Migrating Data from Two Databases to TiDB

Note:
This topic has been translated from a Chinese forum by GPT and might contain errors.

Original topic: 把两个数据数据库的数据迁移到tidb

| username: TiDBer_QHSxuEa1

Currently, we need to migrate the data sources of two databases to TiDB. I would like to ask everyone two questions:

  1. How to handle auto-increment primary key conflicts between the two data sources? For example, table ‘a’ in database A has a record with id=1, and table ‘b’ in database B also has a record with id=1. How can we migrate the data from these two tables in databases A and B to table ‘c’ in the target TiDB?
  2. Due to the merging, the downstream target database TiDB will need to adjust the table structure, meaning the table structures in the source and target databases will be different. Can this kind of migration be accomplished using TiDB’s built-in tools, such as Dumpling and Lightning?
| username: 小毛毛虫 | Original post link

You need to use DM for this. DM supports operations such as merging databases and tables.

| username: zhaokede | Original post link

You can try using an intermediate table for transformation and data processing, and then merge it into the official table. If the data volume is not too large, you can give it a try.

| username: 小龙虾爱大龙虾 | Original post link

“The data with id=1 in table a of database A” and “the data with id=1 in table b of database B” do not conflict, just go ahead and do it.
What exactly do you mean by different table structures? :rofl:

| username: TiDBer_QHSxuEa1 | Original post link

I didn’t express it clearly. The data from tables a and b are migrated together to table c in the target TiDB database. The structures of tables a, b, and c are the same, and they all have an auto-increment primary key with the same field name. The difference in table structure means that due to business adjustments and other factors, the table structure in the target database may change, and there may be differences between the source and target database table structures.

| username: Kongdom | Original post link

:thinking: In such cases, we usually use ETL tools to perform secondary development ourselves. For primary key conflicts, we generally add a prefix or a field to identify the data source.
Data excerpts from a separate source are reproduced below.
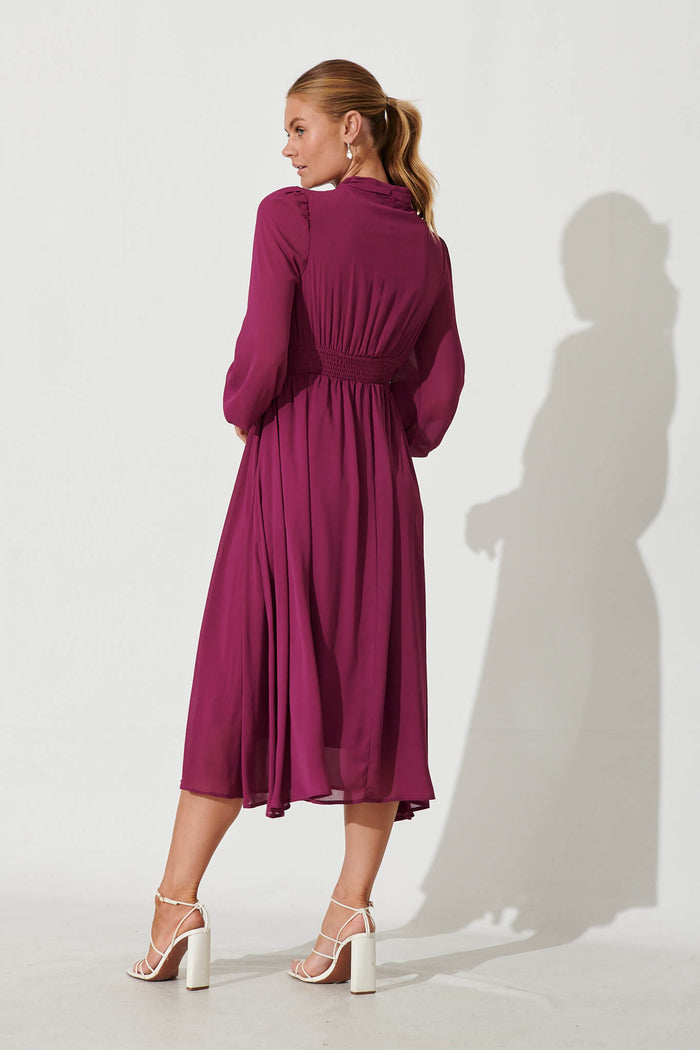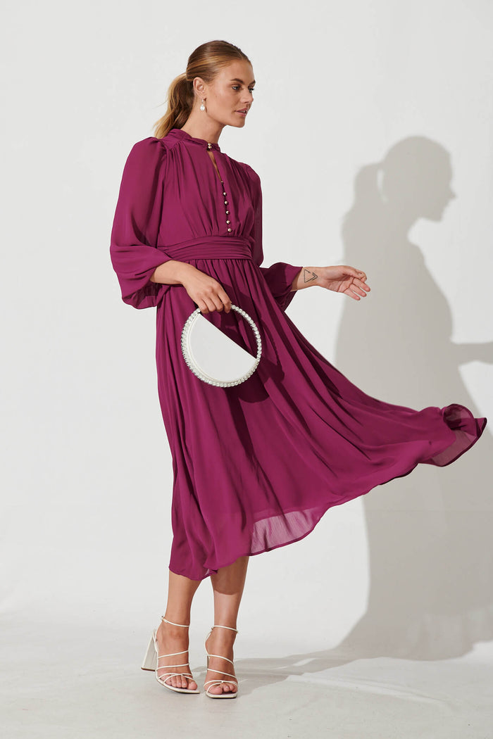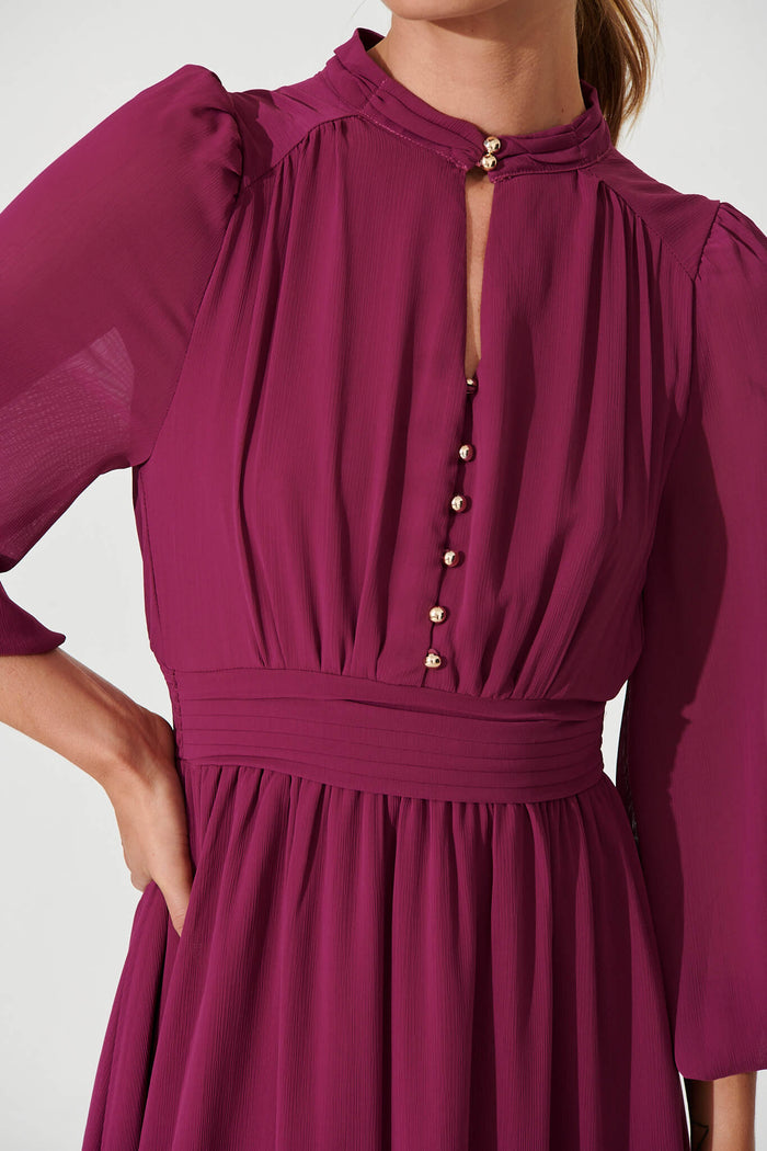 Be the centre of attention in our Lustre Midi Dress! This chiffon fabric and draped front make for a luxe finish, while the gold button details can be worn up or down depending on the occasion. Finish with sleek stilettos and statement gold earrings!
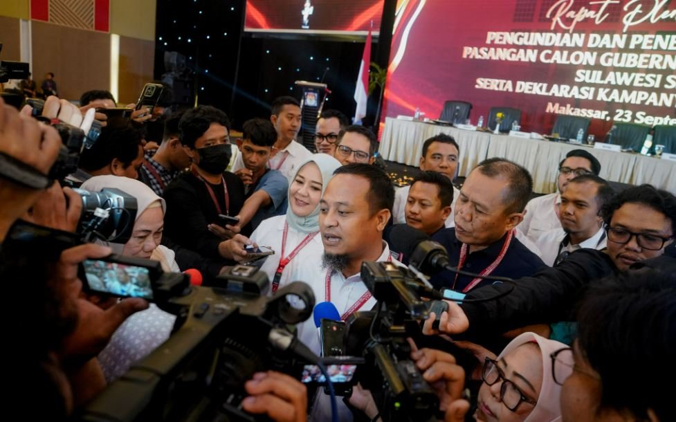 MAKASSAR – Pasangan Andi Sudirman Sulaiman-Fatmawati Rusdi (Andalan Hati) melenggang ke kontestasi pemilihan Gubernur dan Wakil Gubernur Sulsel dengan nomor urut 2 pada seremoni pengundian dan penetapan nomor urut oleh KPU Sulsel, di Hotel Claro Makassar, Senin (23/9/2024).
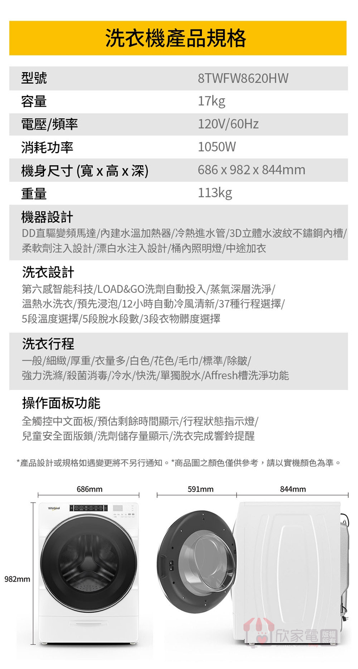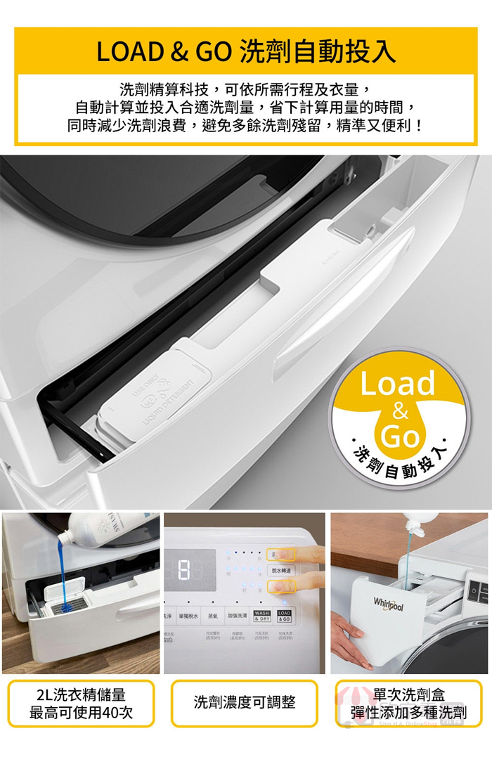Whirlpool 惠而浦 17KG 美製 Load & Go 蒸氣變頻滾筒洗衣機
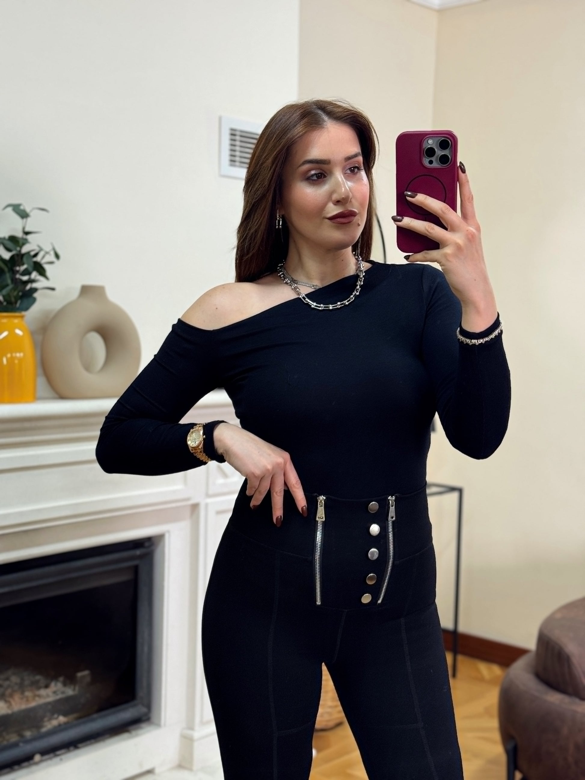 Tek omuz kayık yaka uzun kol badi-SİYAH

| username: 有猫万事足 | Original post link

DM can do it, and it can also extract dbname into an additional field, then this field and the original id can form a composite primary key.

However, the problem with DM is that if the source table has a large amount of data, it will be very slow. To be fast, you still need to use Lightning or other ETL tools for secondary development.

| username: 小龙虾爱大龙虾 | Original post link

What about the marker for unique records in your table C?

| username: xingzhenxiang | Original post link

Learn about DM sharding to a single database.

| username: changpeng75 | Original post link

What type of database is the source database? If it is a relational database, it is best to convert it according to the new table structure in the source database, and then use tools like Dumpling and Lightning to migrate. For logical changes, migration tools may not adapt well.

| username: forever | Original post link

We all process the data at the source end and then deliver it to the target end.

| username: Jellybean | Original post link

He probably means that the data will be merged into the same table in the next step.

| username: TIDB-Learner | Original post link

DM should be able to meet the requirements.

| username: 随缘天空 | Original post link

If the primary keys of tables a and b have no relationship with the tables in the original database, it’s fine. You can use ETL tools to extract and transfer the source data first. However, if there is a relationship, it will be difficult to handle.

| username: Jellybean | Original post link

In this situation, since your business table structure adjustments are relatively significant, automatic synchronization tools may not be suitable. You can check if DM’s sharding and aggregation synchronization feature fits your scenario.

If it doesn’t work, you will likely need to develop some automatic synchronization tools, such as using Flink to achieve real-time automatic aggregation and synchronization.

| username: YuchongXU | Original post link

Suggestions for ETL processing

| username: 江湖故人 | Original post link

Based on your description, it seems you need an ETL tool. I recommend checking out kettle.

| username: Kongdom | Original post link

:+1: Support using Kettle

| username: forever | Original post link

Personally, I feel that DataX is somewhat more lightweight compared to Kettle.

| username: Kongdom | Original post link

From a deployment perspective, Kettle should be a bit simpler :yum: DataX requires an additional Python environment.